In 2025, The Hollywood Reporter listed Lethal Weapon 3 as having the best stunts of 1992.

===Home media===
Lethal Weapon 3 has been released on VHS and DVD numerous times. The first DVD was released in 1997 and featured the film's theatrical version. The 1997 DVD contains both the widescreen and the pan and scan editions. The Director's Cut was released in 2000. Since then, numerous sets have been released that contain all four films in the series (featuring the same DVDs). The film was released on Blu-ray Disc in 2011.

==Soundtrack==

Lethal Weapon 3 (Original Motion Picture Soundtrack) was released on June 9, 1992, on audio cassette and CD. The soundtrack was performed and composed by Michael Kamen, Eric Clapton, and David Sanborn.

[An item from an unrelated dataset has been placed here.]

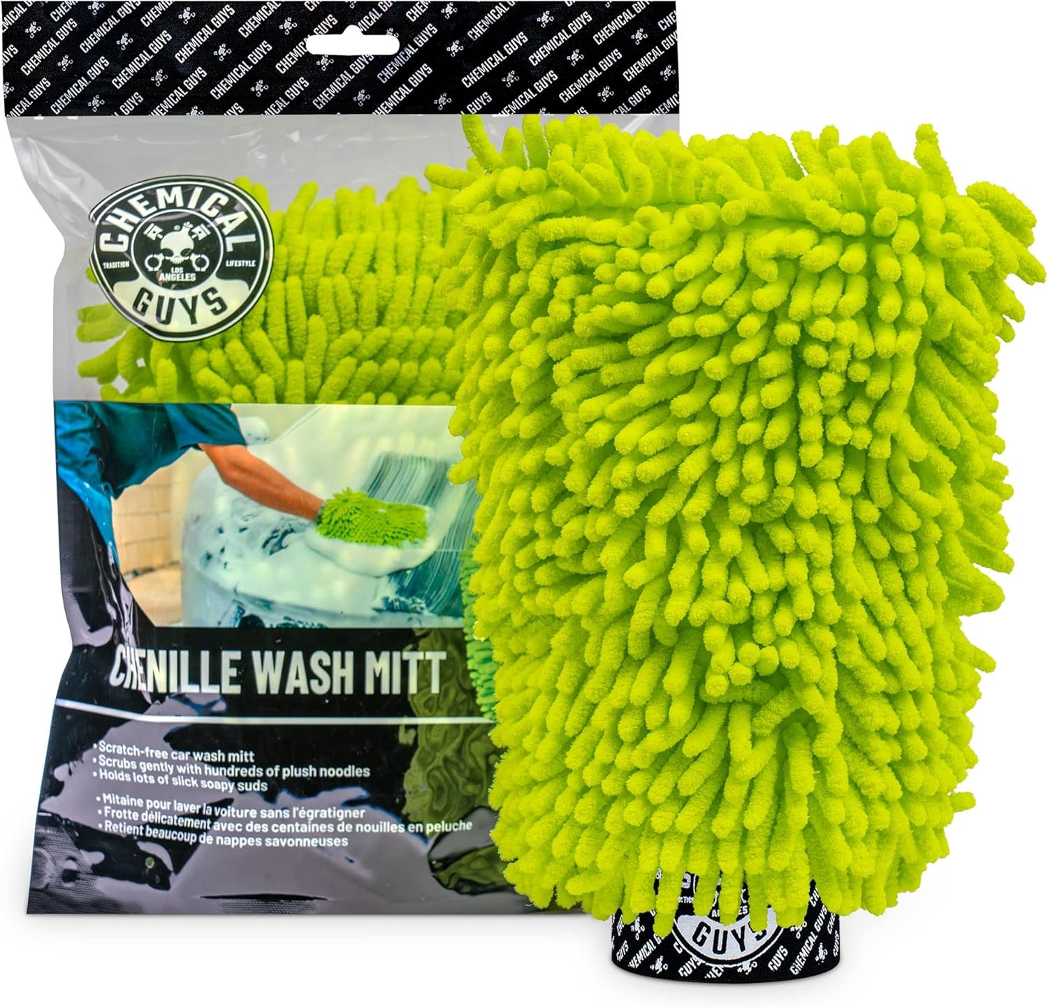 The Chenille Wash Mitt is made of extra plush microfiber that holds tons of clean water and soap to drench any car in thick foaming suds for the ultimate scratch and swirl free washing experience. How to Use it 1. Use two buckets: fill one bucket with 5 gallons of water and 1 – 3 oz of Chemical Guys car wash soap and the other with plain water. 2.Rinse your car, then wash in straight lines with the soapy mitt. 3.After cleaning a panel or two, dip the dirty mitt in the bucket of plain water to loosen the embedded dirt, then wring it out on the ground. 4.Return to the soap bucket and continue to wash the whole car. 5.Rinse away all soap and dirt from the car, then dry with premium microfiber towels.

Its title songs, "It's Probably Me", and "Runaway Train" were written and performed by Eric Clapton with the assistance of Sting and Elton John respectively.

In 2013, La-La Land Records issued the complete score on a two-disc set as part of Lethal Weapon: Soundtrack Collection.

===Track listing===

====Original album====
1. "It's Probably Me" by Sting and Eric Clapton
2. "Runaway Train" by Elton John and Eric Clapton
3. "Grab the Cat"
4. "Leo Getz Goes to the Hockey Game"
5. "Darryl Dies"
6. "Riggs and Rog"
7. "Roger's Boat"
8. "Armour Piercing Bullets"
9. "God Judges Us by Our Scars"
10. "Lorna – A Quiet Evening by the Fire"

====La-La Land album====
Tracks with one asterisk are previously unreleased, tracks with two asterisks contain previously unreleased material.

- Disc one
1. "Trust Me" – 3:34 *
2. "Afterglow" – 0:57
3. "Jaywalker" – 2:01 *
4. "Armoured Car Chase" – 4:33 *
5. "Leo Getz" – 3:20 **
6. "Concrete Death" – 1:59 **
7. "Rianne's Big Break" – 2:16 *
8. "Locker Room" – 0:43 *
9. "Firing Range" – 0:59 *
10. "Jack Kills Billy" – 3:15 *
11. "Hockey Game" – 0:58 *
12. "Dum-Dum Wound" – 1:07 *
13. "Shooting Darryl, Part 1" – 3:12 **
14. "Shooting Darryl, Part 2/Step into My Office" – 2:17 **
15. "Man's Best Friend/Lorna's First Fight" – 6:41 **, *
16. "Scars/Love Scene" – 3:45 *
17. "Roger's Boat" – 5:28 **
18. "Shaving" – 1:17 *
19. "Gun Montage/Lorna's Second Fight" – 3:33 *
20. "Captain Abducted/Captain and Travis" – 1:34 *
21. "Unauthorized Access" – 1:57 *
22. "Gun Battle" – 3:47 **
23. "Riggs Falls" – 2:11 *
24. "Drive to Housing Development/On Three" – 3:34 *
25. "Fire/Fire Battle/A Quiet Evening by the Fire" – 7:01 *

- Disc two
Original album as above, followed by:
Additional tracks
1. "Leo Getz" (alternate) – 2:38 *
2. "Armoured Car Chase" (no overlay) – 4:33 *
3. "Gun Battle" (alternate) – 5:26 *
4. "I Can't Retire" – 1:30 **

==Video games==
Several versions of a Lethal Weapon video game were released in conjunction with this sequel's release, appearing on the NES, SNES, Game Boy, Amiga, Atari ST, and Commodore 64 platforms.

Also released was a Lethal Weapon 3 pinball game.